Lenny: I bet the other drivers tend to get jealous, don’t they, uncle? Sam. They do get jealous. They get very jealous82.

Admettons ceci : si Sam rebondit sur les propos de son neveu, c’est parce qu’il juge qu'ils n'expriment tout ce qui se doit d’être dit sur la jalousie dont il est victime dans son métier de chauffeur de taxi. Ainsi donc, l’auxiliaire d’emphase « do » et l’adverbe d’intensité « very » viennent pour donner plus de poids à ce qui manque dans le discours de Lenny.

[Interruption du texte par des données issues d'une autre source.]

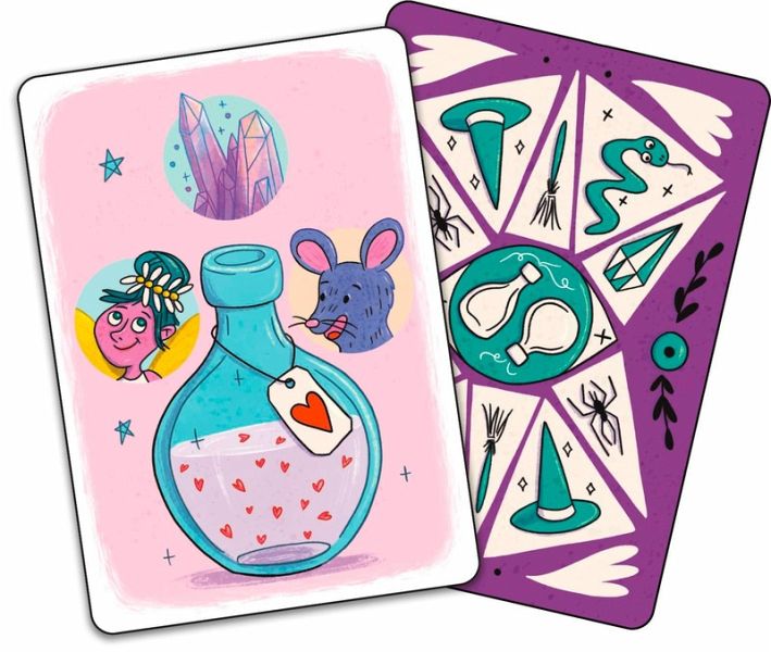Wer sammelt als Erstes die richtigen Zutaten für seine Zaubertränke? In dem temporeichen Kartenspiel, erlebt ihr ein magisches Abenteuer voller Taktik, Risiko und spannender Wendungen. Sammelt Zutaten wie Feenstaub, Drachenschuppe, Krötenschleim, Bergkristall und Mäusehaar, um eure Zaubertränke zu brauen. Doch passt auf - Hexen können eure Pläne vereiteln und euch wertvolle Karten nehmen. Cleverness, Wagnis und ein bisschen Glück sind bei diesem Kartenspiel für Kinder ab 6 Jahre gefragt.
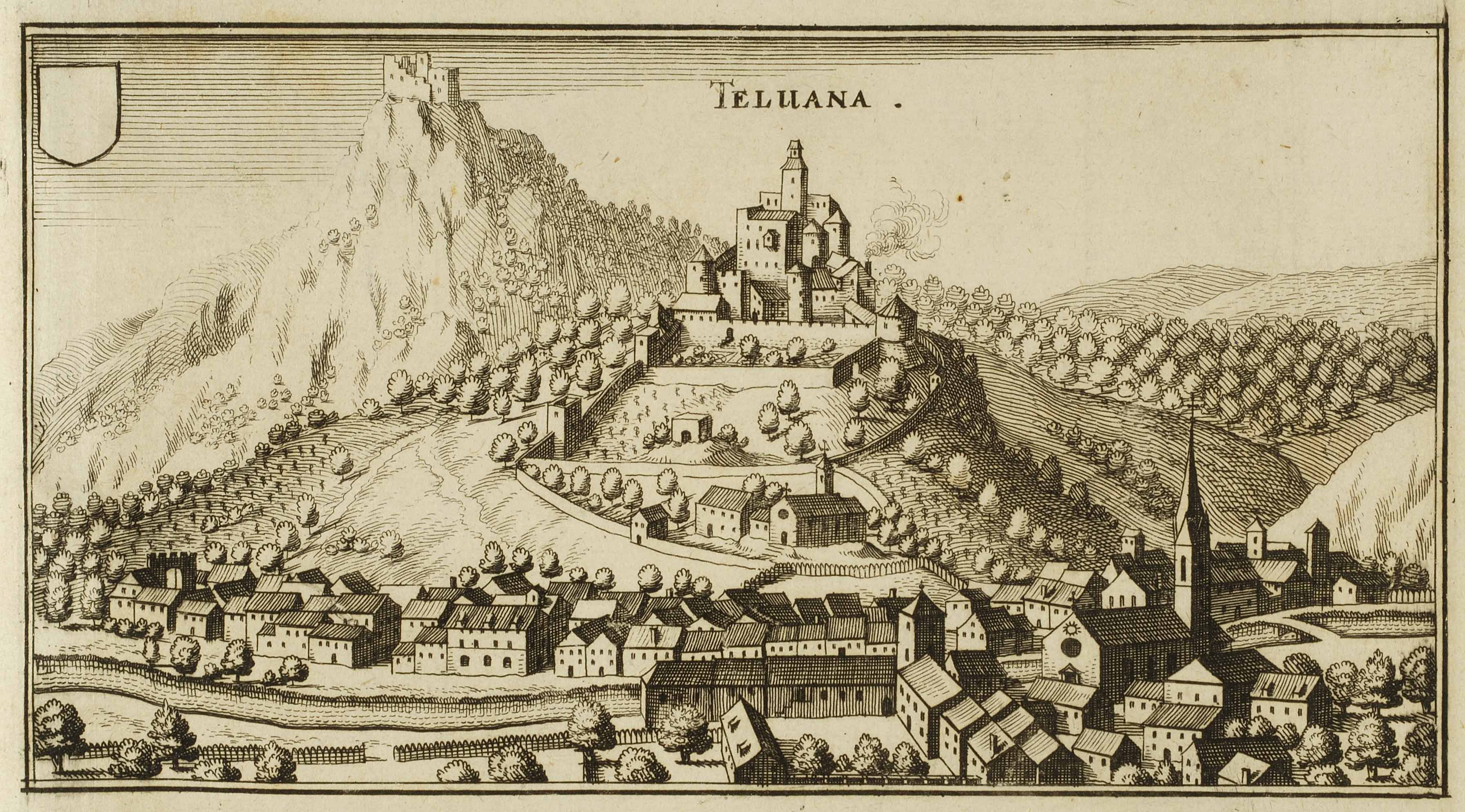 Calcografia, 94x174 mm, 292x180 mm. Disegno di Matthäus Merian, pubblicata nella prima parte (datata 1649) di Martin Zeiller, Matthäus Merian, Topographia provinciarum Austriacarum Austriae Styriae, Carinthiae, Carniolae, Tyrolis etc., das ist, Beschreibung und Abbildung der furnembsten Statt und Plätz in den Osterreichischen Landen ..., Frankfurt am Main, Matthäus Merian, 1649-1656

En les insérant dans les propositions produites par Lenny, Sam entend leur montrer à quel point ses collègues sont jaloux de son succès et de ses talents de meilleur conducteur. Il apparaît donc que le silence et le langage des mots n’affichent aucun antagonisme, aucune opposition. Ce qui nous permet de soutenir que quand ils font un bon bout de chemin ensemble, ils se montrent solidaires et se complètent: par exemple, là où la parole bute sur des difficultés, le silence vole à son secours ; pendant que ce dernier a quelque chose à dire, il se rabat la plupart du temps sur sa compagne. À ce niveau, il serait erroné de penser que le silence a le statut d’auxiliaire. Au contraire, il porte secours à la défaillance du langage qui ne peut rien faire sans son existence. Et même si l’homme est réputé être un être de langage, sa capacité de se servir du langage et d’occuper

son espace de mots ne doit pas amener à négliger l’importance que revêt le silence dans l’existence de l’être humain. Il serait aberrant de percevoir, nous l’avons vu, le silence comme une absence totale de toute réalité sonore. Car du bruit se rencontre même dans les espaces dits silencieux. La présence du silence n'est en aucun moment l'éradication complète des éléments sonores. L’existence d’un tel phénomène témoigne d'une impossibilité du « degré zéro » de silence. C’est là une preuve de l'inexistence d'un monde étale, sans rumeur où toute trace sonore serait disparue. L’expérience humaine nous aide à remarquer que même dans le sommeil où les mots du langage conscient sont tus, des bruits s’entendent, tel que nous le fait parvenir Teddy, dans The Homecoming, à son retour nocturne du voyage des États-Unis avec sa compagne : « I could hear snores. Really. They’re all still here, I think. They’re all

snoring up there83. » En dépit du sommeil profond qui a retenu leurs langues, le père

de Teddy et ses quelques frères continuent encore à faire du bruit, involontairement et sans le savoir, par leurs ronflements. Nous évoluons dans un monde où des émissions sonores existent de manière ininterrompue. Le silence pourrait être compris comme un espace contenant aussi quelques éléments sonores, mais qui ne participent pas de nos stimulations auditives. Car, dès l’instant où ils arrivent à nous, ils cessent d’appartenir au silence, mais plutôt au bruit. Le silence n'est jamais absolu en l'homme. Dans la nature et dans nos cadres de vie, il y aura toujours du bruit résiduel, et ce en dépit des efforts visant à le supprimer totalement. Nous vivons dans le bruit et entourés de bruit, il y a du bruit en nous, du bruit fait par nous ou par les autres. Que nous les entendions ou pas, des éléments sonores accompagnent nos mouvements et l'activité de notre organisme. Ils sont à la fois à l’intérieur et à l’extérieur de nous. Le silence n'est compréhensible qu'à partir du moment où des réalités sonores sont ou deviennent imperceptibles à l'ouïe. La fin du règne du silence est marquée par la présence du son le plus marginal qui est perçue par nos organes détecteurs d'éléments sonores. Il est à remarquer que les bruits sont de nature et d'intensité différente. Il y a des bruits qui sont proches du silence, d'autres qui ne sont perceptibles qu'à l'aide des détecteurs de sons, des bruits doux et des bruits assourdissants.